▶ _EXERCISE GOAL_
Skip the pictures and repeat each line of the data exactly.

▶ _AVAILABLE DATA_
- Opening Delimiter -
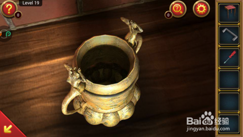 将地面上的凳子捡起来,再点击窗户下面瓶子将把手和螺丝刀拾取起来。
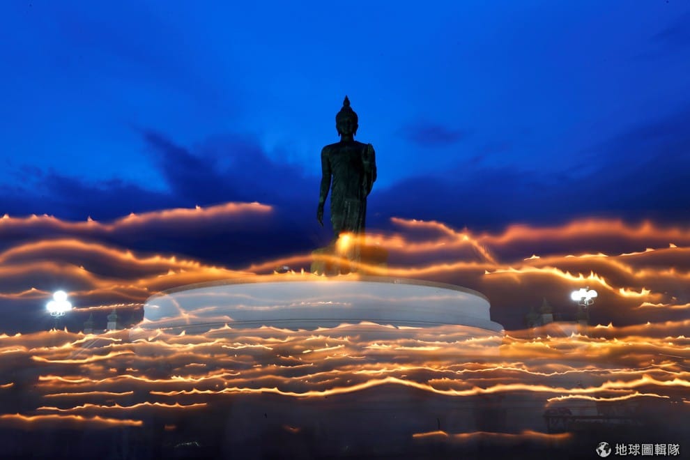 僧侶們手拿蠟燭,在阿薩哈聖法節 (Asalha Puja)這天繞著大型佛像行走。阿薩哈聖法節又稱三寶佛節,這個節日通常於七月慶祝,紀念佛陀得道後第一次講道,向五位賢者傳達佛教的奧義。
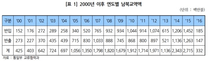 지난 1989년 시작 이래로 남·북 교역은 성장 추세가 지속됐다. 특히 개성공단의 경우 남·북 교역액은 지난 2000년 4억2500만 불을 시작으로 지난 2015년에는 27억1500만 불로 늘어나면서 역대 최고치를 기록했다.
- Closing Delimiter -
▶ _RESPONSE TO THE TASK_
 将地面上的凳子捡起来,再点击窗户下面瓶子将把手和螺丝刀拾取起来。
 僧侶們手拿蠟燭,在阿薩哈聖法節 (Asalha Puja)這天繞著大型佛像行走。阿薩哈聖法節又稱三寶佛節,這個節日通常於七月慶祝,紀念佛陀得道後第一次講道,向五位賢者傳達佛教的奧義。
 지난 1989년 시작 이래로 남·북 교역은 성장 추세가 지속됐다. 특히 개성공단의 경우 남·북 교역액은 지난 2000년 4억2500만 불을 시작으로 지난 2015년에는 27억1500만 불로 늘어나면서 역대 최고치를 기록했다.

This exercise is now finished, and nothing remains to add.